DATASET EXTRACT
______________________________

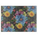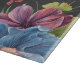 Belle planche de découpe rectangulaire a de grandes fleurs bleues primaires peintes avec des fleurs plus petites en marigold jaune, violet et rose, le tout sur un arrière - plan gris fusain lui donnant un look sombre et élégant. Objets correspondants disponibles pour le lit, le bain et dans toute la maison
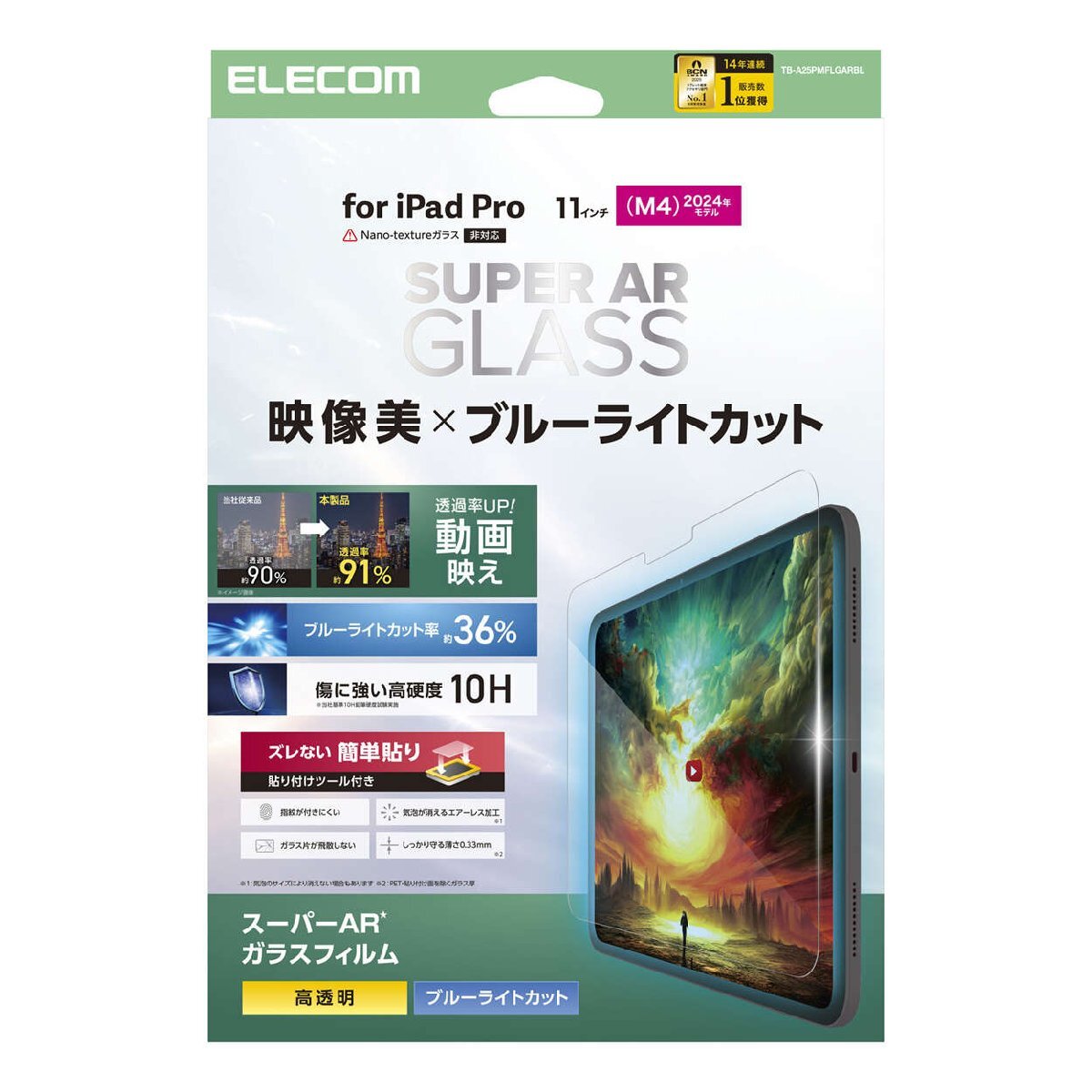 - 11インチiPad Pro(M4)用液晶保護ガラスフィルム 動画映え/BLカット フィルムがキレイに貼れる専用ガイドフレーム付: TB-A25PMFLGARBL
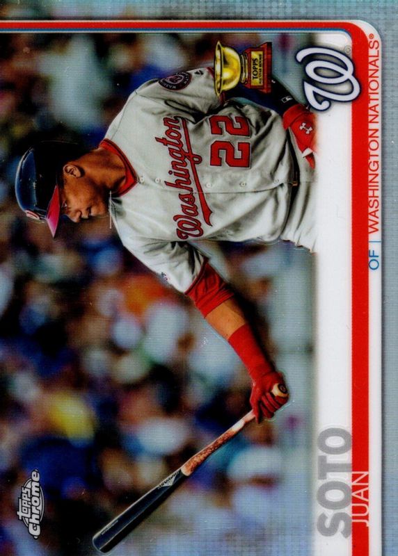 The Juan Soto 2019 Topps Chrome #155 Refractor (Bat in One Hand) card in Raw condition has moved down -$1.00 (-16.7%) in the last 30 days and was last sold for $5.00 .
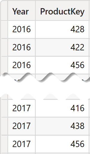Generally speaking, finding the top products requires using GENERATE and TOPN. However, there is an interesting variation of this scenario that solves a specific business problem. Once we have determined the top 10 products by year, we want to filter only those that appear in the top 10 in most years. Obtaining that list of products helps identify evergreen products, that is, the products that remain in the best-seller list consistently.

______________________________

WHAT TO DO
The copy should hold only the lines from the one with "- 11インチiPad Pro(M4)用液晶保護ガラスフィルム" through the one with "The Juan Soto", exactly as they stand above. Leave out the pictures.

ANSWER TO THE PROBLEM
 - 11インチiPad Pro(M4)用液晶保護ガラスフィルム 動画映え/BLカット フィルムがキレイに貼れる専用ガイドフレーム付: TB-A25PMFLGARBL
 The Juan Soto 2019 Topps Chrome #155 Refractor (Bat in One Hand) card in Raw condition has moved down -$1.00 (-16.7%) in the last 30 days and was last sold for $5.00 .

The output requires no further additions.